|
It's good to communicate for a general audience, but your presentation misleads rather than simplifies. > meaning the combined measurement accurately predicts how a potential college applicant will perform in their first year of college 56% of the time. "accurately predicts...56% of the time" implies that half of predictions are 'accurate', which most readers would interpret as 'correct' i.e. knowing SAT + HSGPA allows you to state FYGPA _exactly_ for about half of cases. That's not what the research you cited says. Rather, the square of the multiple correlation R (which is exactly R^2, the coefficient of determination) indicates how much of the variance in the output variable is explained by the input variables. That quantity _must_ be communicated in terms of the strength of the relationship, not accuracy for a given or share of cases as it doesn't tell us anything about a given case.
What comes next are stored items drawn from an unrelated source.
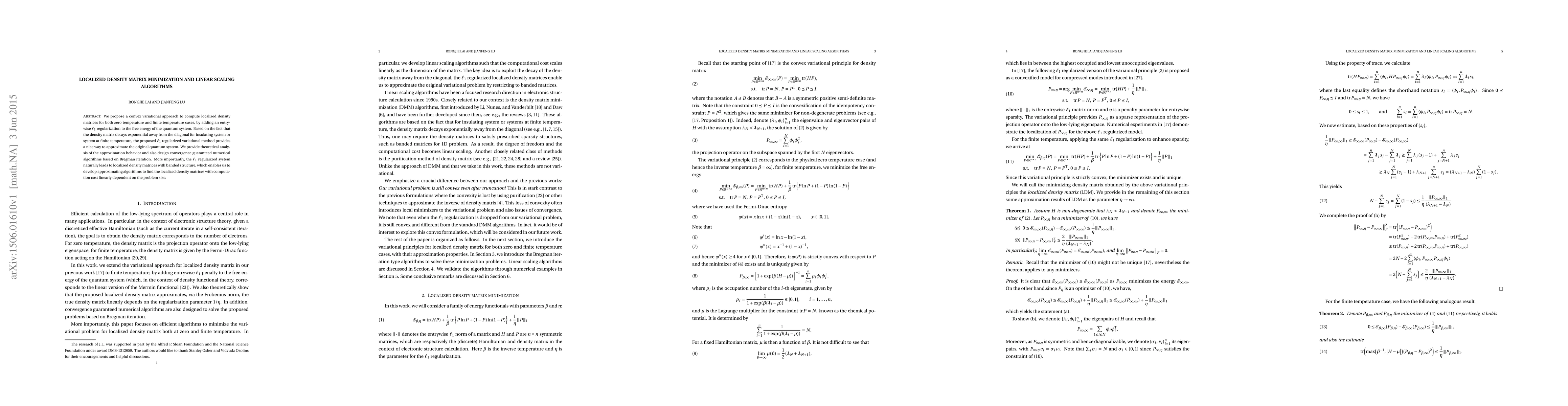 This paper proposes a convex variational method with $\ell_1$ regularization to compute localized density matrices for quantum systems, both at zero and finite temperatures. The method leverages the exponential decay of density matrices to achieve linear scaling in computational cost, enabling efficient approximation of the original quantum system.
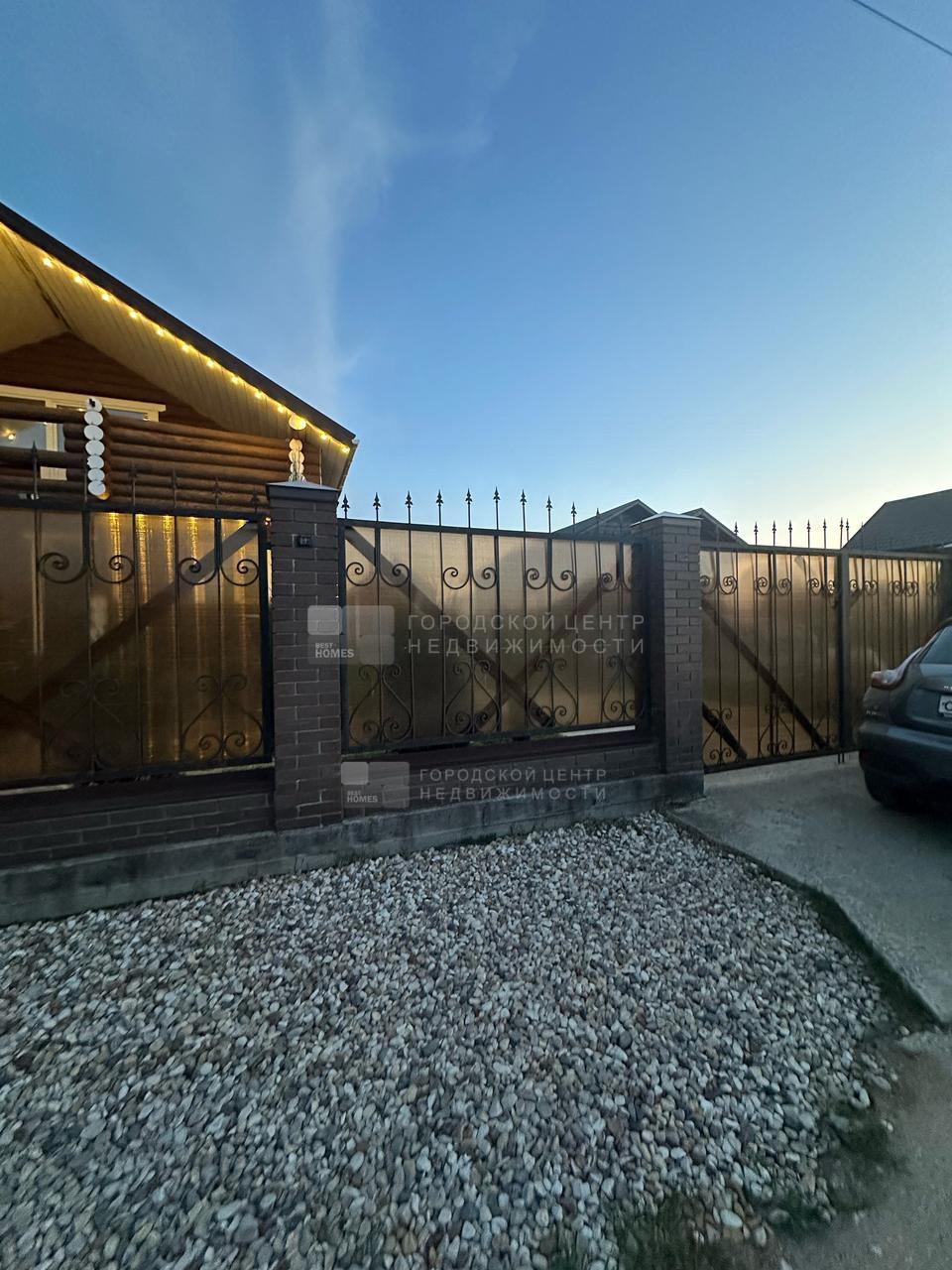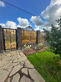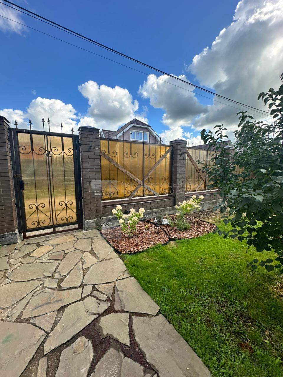 Ровный правильной формы участок 7,56 соток со всех сторон огорожен забором: по фасаду красивый кованый забор с кирпичными столбами и со стильными полупрозрачными поликарбонатовыми вставками, справа и сзади профнастил, слева деревянный штакетник.
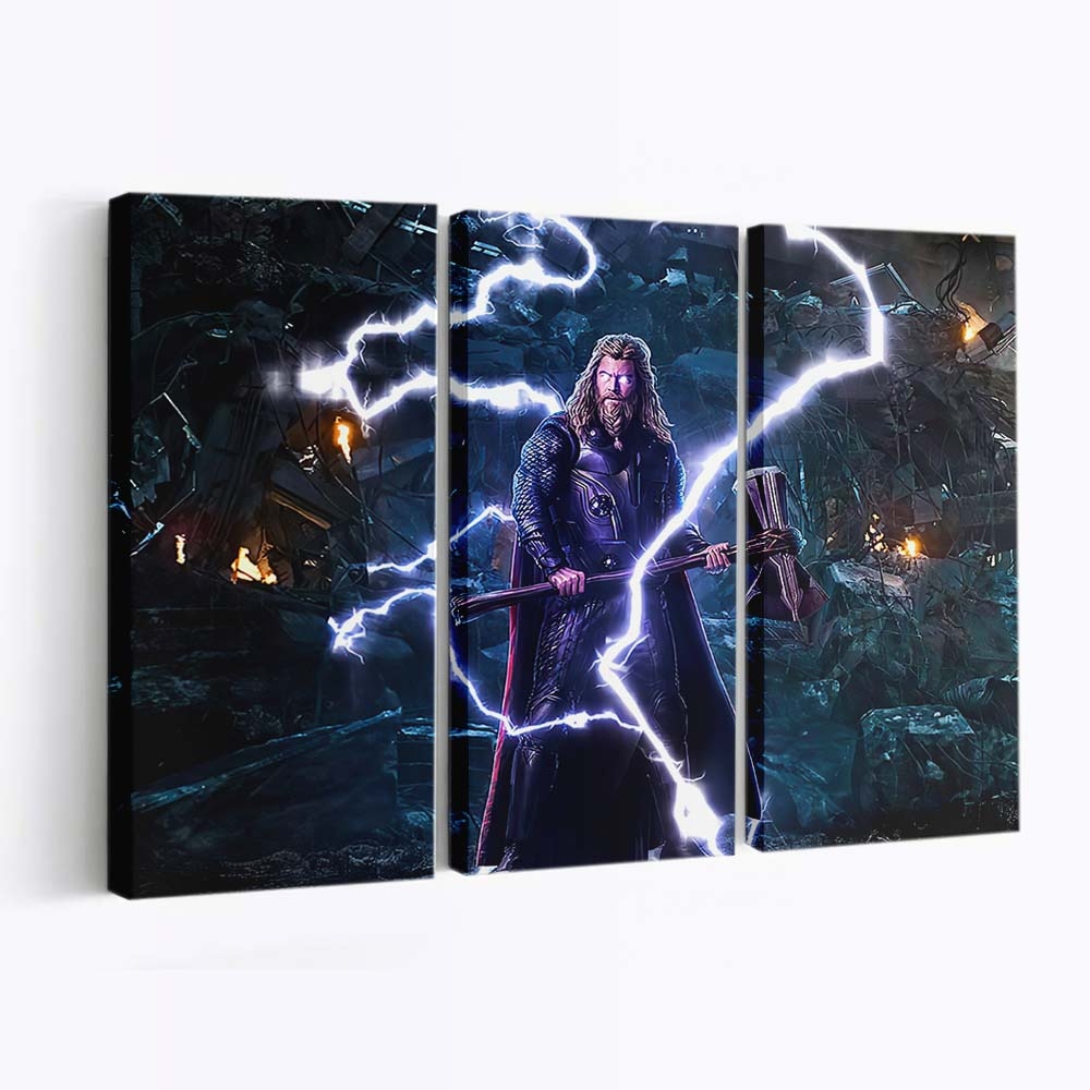 Erleben Sie die gewaltige Kraft von Thor, dem Donnergott aus dem Marvel-Universum. Dieses beeindruckende Leinwandbild bringt epische Action und die majestätische Aura Asgards direkt an Ihre Wand.
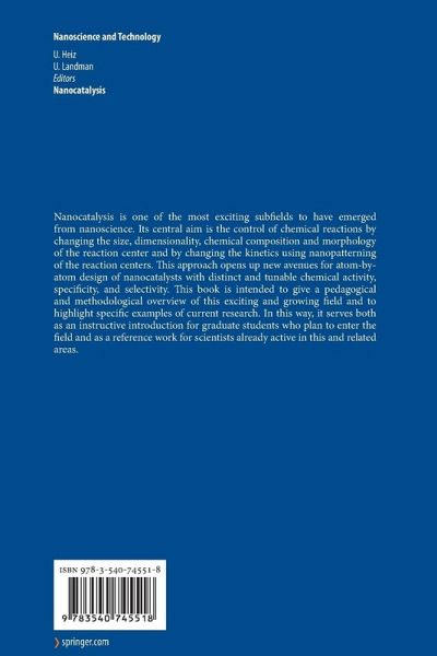 Nanocatalysis is one of the most exciting subfields to have emerged from nanoscience. Its central aim is the control of chemical reactions by changing the size, dimensionality, chemical composition and morphology of the reaction center and by changing the kinetics using nanopatterning of the reaction centers. This approach opens up new avenues for atom-by-atom design of nanocatalysts with distinct and tunable chemical activity, specificity, and selectivity. This book is intended to give a pedagogical and methodological overview of this exciting and growing field and to highlight specific examples of current research. In this way, it serves both as an instructive introduction for graduate students who plan to enter the field and as a reference work for scientists already active in this and related areas.

One could say it tells us about 30% (0.56^2, correction from my statement above) of the information we'd need to know to perfectly predict the outcome, or that the relationship is better than random, but doesn't predict perfectly, or ... Additionally, table 5 of the link you cited indicates the adjust correlation coefficient b/w FYGPA and the combination of HSGPA and SAT is 0.62. None of the numbers in that table are 0.56, so I'm not sure where you pulled that exact number from. I've used 0.56/56% above to be clear which quantity I'm referring to. |
Again, if you can simplify this in a way more accurate than I have, great, be my guest-- I look forward to reading it.
R^2, coefficient of determination, output variable variance, etc etc -- most readers aren't going to go that deep in the math. For those who do, like you, the links to the actual research is provided.
But so far all I see are data scientists complaining about how my description is not 100% statistically accurate without providing any alternative explanation that doesn't devolve into variance of output variables.
Again, be my guest to show me I'm wrong, but what you wrote above is not something that would be easy to understand for the general audience, IMHO.